- [What is required]: Below is a block of records; reproduce all of them exactly and leave out any pictures.

**********

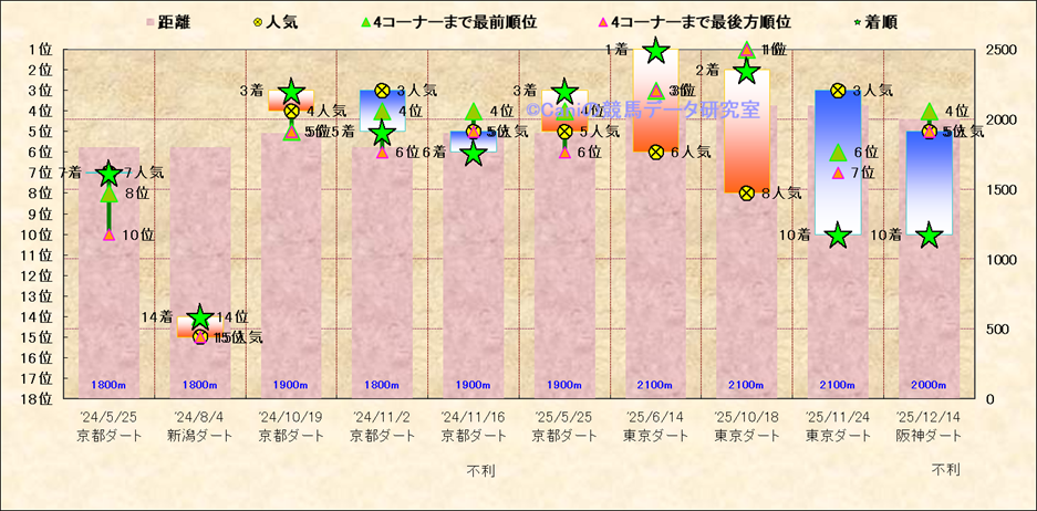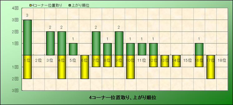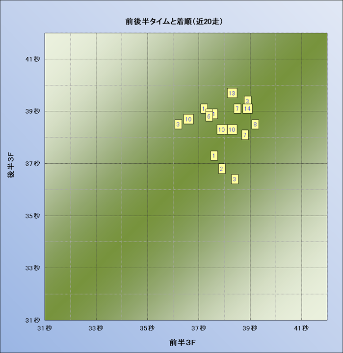 脚質解析 近20レースの4コーナーでの位置取りと上がり順位(頭数補正後) |
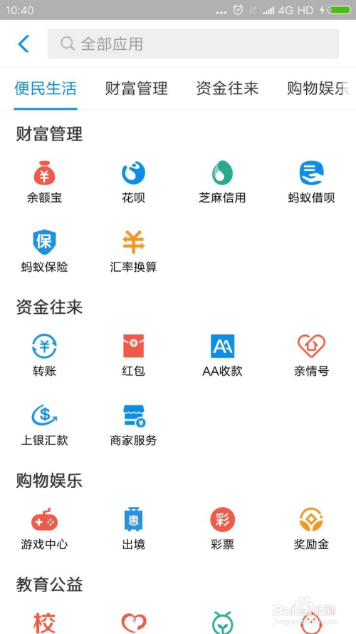 我们打开付出宝,点击常用应用最后面的“更多”。
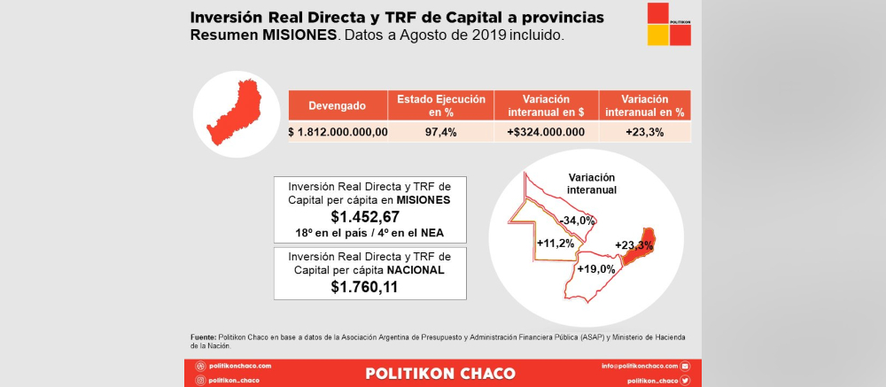 La inversión real directa y transferencias de capital del Gobierno nacional crecieron un 23,3% interanual hasta agosto en la Provincia de Misiones, totalizando $1.812 millones, siendo la que más creció en el NEA, sin embargo, se presenta nuevamente el eterno problema de tener la per cápita más baja.
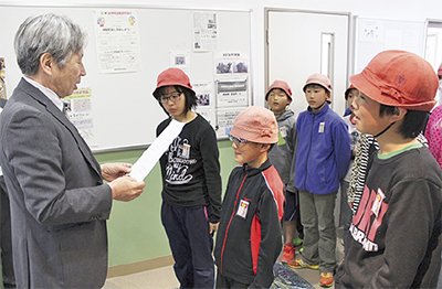 認定証を受け取った学級委員長の菅野晃太郎くんは、「いきなりでびっくりしました。最初は夢かなと思ったけど嬉しかったです」と話した。
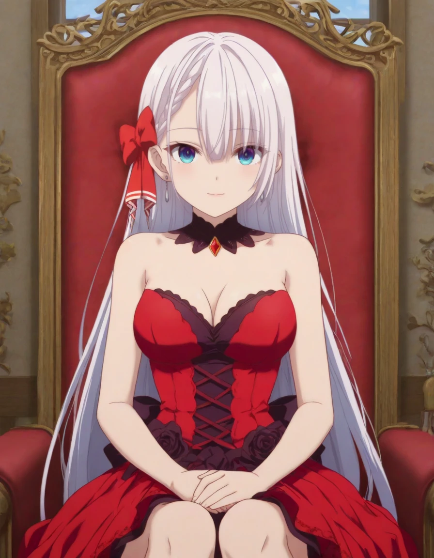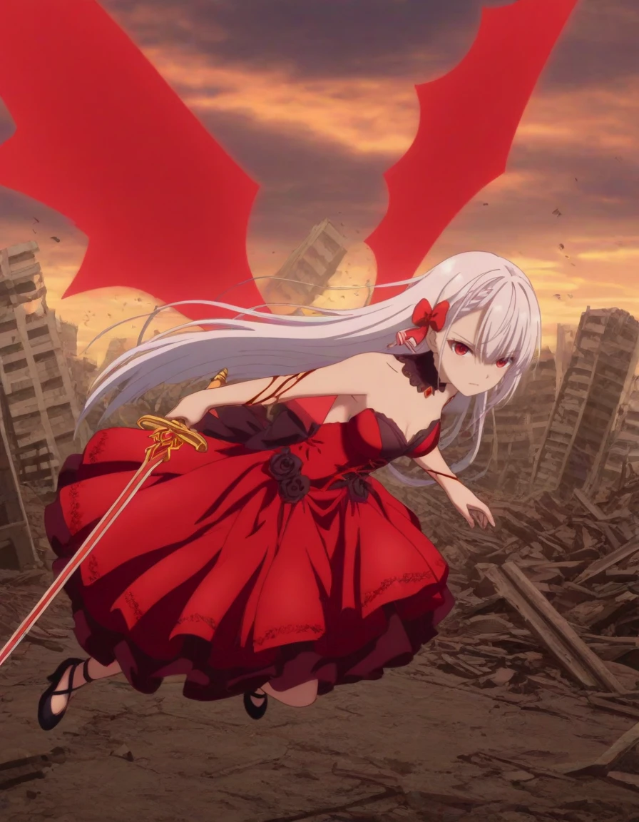 hair bow, red eyes, collarbone, cleavage, vampire queen outfit, black choker, red gem, red bat wings, red dress, backless dress, strapless dress, cross-laced dress, blood on arm, layered dress, black rose, back bow, black footwearDescription

**********

- [Answer to this task]:
 脚質解析 近20レースの4コーナーでの位置取りと上がり順位(頭数補正後) |
 我们打开付出宝,点击常用应用最后面的“更多”。
 La inversión real directa y transferencias de capital del Gobierno nacional crecieron un 23,3% interanual hasta agosto en la Provincia de Misiones, totalizando $1.812 millones, siendo la que más creció en el NEA, sin embargo, se presenta nuevamente el eterno problema de tener la per cápita más baja.
 認定証を受け取った学級委員長の菅野晃太郎くんは、「いきなりでびっくりしました。最初は夢かなと思ったけど嬉しかったです」と話した。
 hair bow, red eyes, collarbone, cleavage, vampire queen outfit, black choker, red gem, red bat wings, red dress, backless dress, strapless dress, cross-laced dress, blood on arm, layered dress, black rose, back bow, black footwearDescription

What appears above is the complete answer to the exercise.